The advisory committee meeting will provide independent experts and clinicians an opportunity to assess the clinical data supporting UGN-102 and offer a recommendation on its approval. While the FDA considers ODAC’s input carefully, the agency is not required to follow its advice. The FDA has indicated it plans to complete its review by the Prescription Drug User Fee Act (PDUFA) target date of June 13, 2025.

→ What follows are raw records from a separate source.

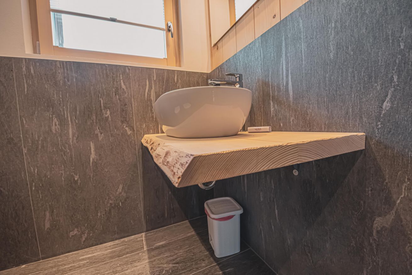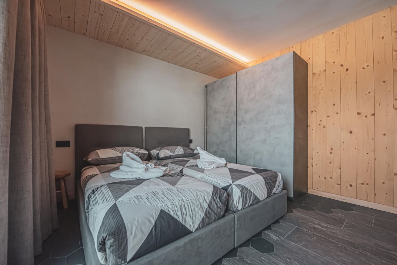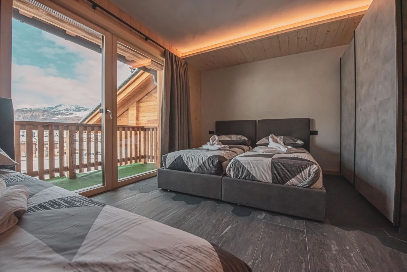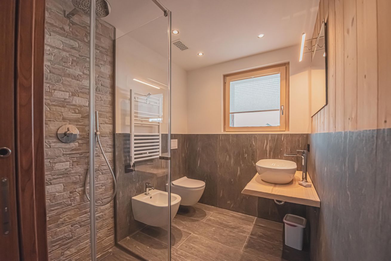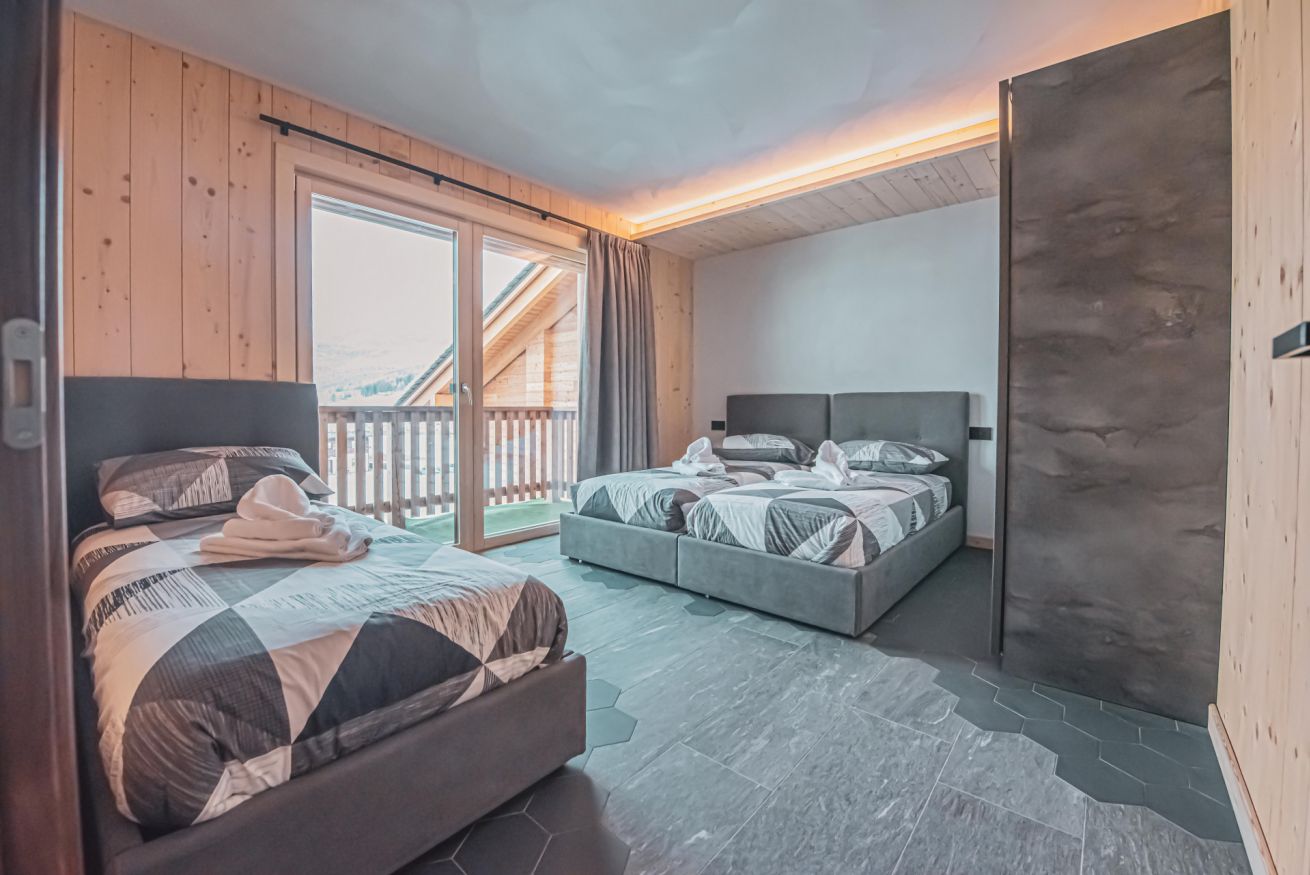L'appartamento dispone di un ampio balcone con vista sull’esteso giardino comune, accessibile a tutti gli ospiti dello chalet, e regala panorami mozzafiato sulle montagne circostanti. L’atmosfera è calda, accogliente e autentica, ideale per una vacanza in ogni stagione.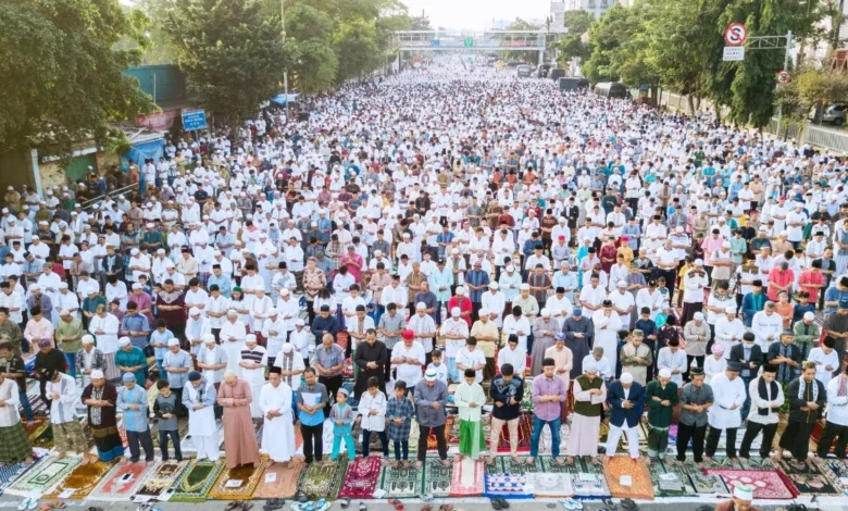 ईद-उल-फितर के मौके पर नमाज अदा करने के लिए जामा मस्जिद में श्रद्धालु इकट्ठा हुए। नमाज के बाद लोग एक दूसरे के गले मिलकर ईद की बधाई दी।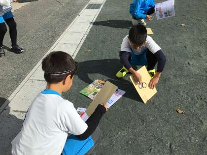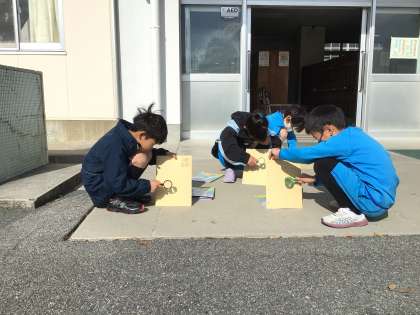 今日は、虫眼鏡を使って紙に日光を集めました。紙と虫眼鏡の距離を変えながら明るさとあたたかさを確認しました。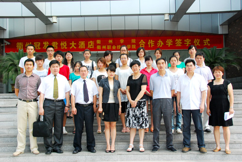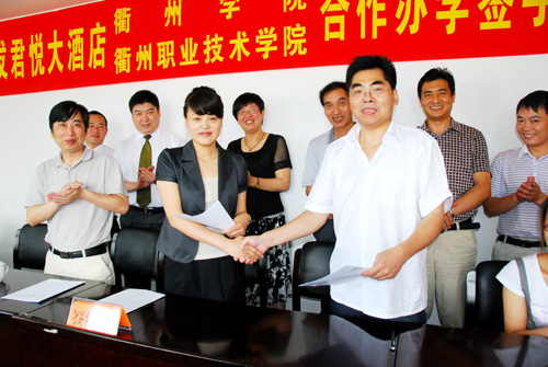 7月2日上午,我院与衢州冠发君悦大酒店签订合作办班协议。至此,继“红五环”班、“宁波镇海炼化”班等“定制班”之后,我院首个酒店管理类定制班诞生。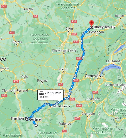 Lons, Dôle, la route des Vosgiens à 18h30 je suis garé au resto de Bucey les Gy, c'est le plus proche de V'zoul, il n'y a plus rien pour nous là-bas.

UGN-102 is a novel formulation of mitomycin designed for intravesical delivery using UroGen’s proprietary RTGel® technology. The drug is intended as a non-surgical treatment option for patients with recurrent LG-IR-NMIBC—a condition currently lacking FDA-approved therapies.
“We are excited to present our data to the Advisory Committee and engage with the broader medical community,” said Liz Barrett, President and CEO of UroGen. “We believe UGN-102 could offer a significant advancement for patients dealing with the burdens of recurrent bladder cancer.”
The company’s New Drug Application (NDA) is supported by results from the Phase 3 ENVISION trial, which reported a 79.6% complete response rate at three months following initial treatment. Among those who achieved complete response, 82.5% maintained that response at 12 months, based on Kaplan-Meier analysis.
UGN-102 is administered via a standard urinary catheter in an outpatient setting, enabling broader access and potentially reducing the need for repeated surgical interventions. The NDA was submitted ahead of schedule in August 2024 and accepted by the FDA later that year.
If approved, UGN-102 would become the first non-surgical drug therapy for patients with this form of bladder cancer.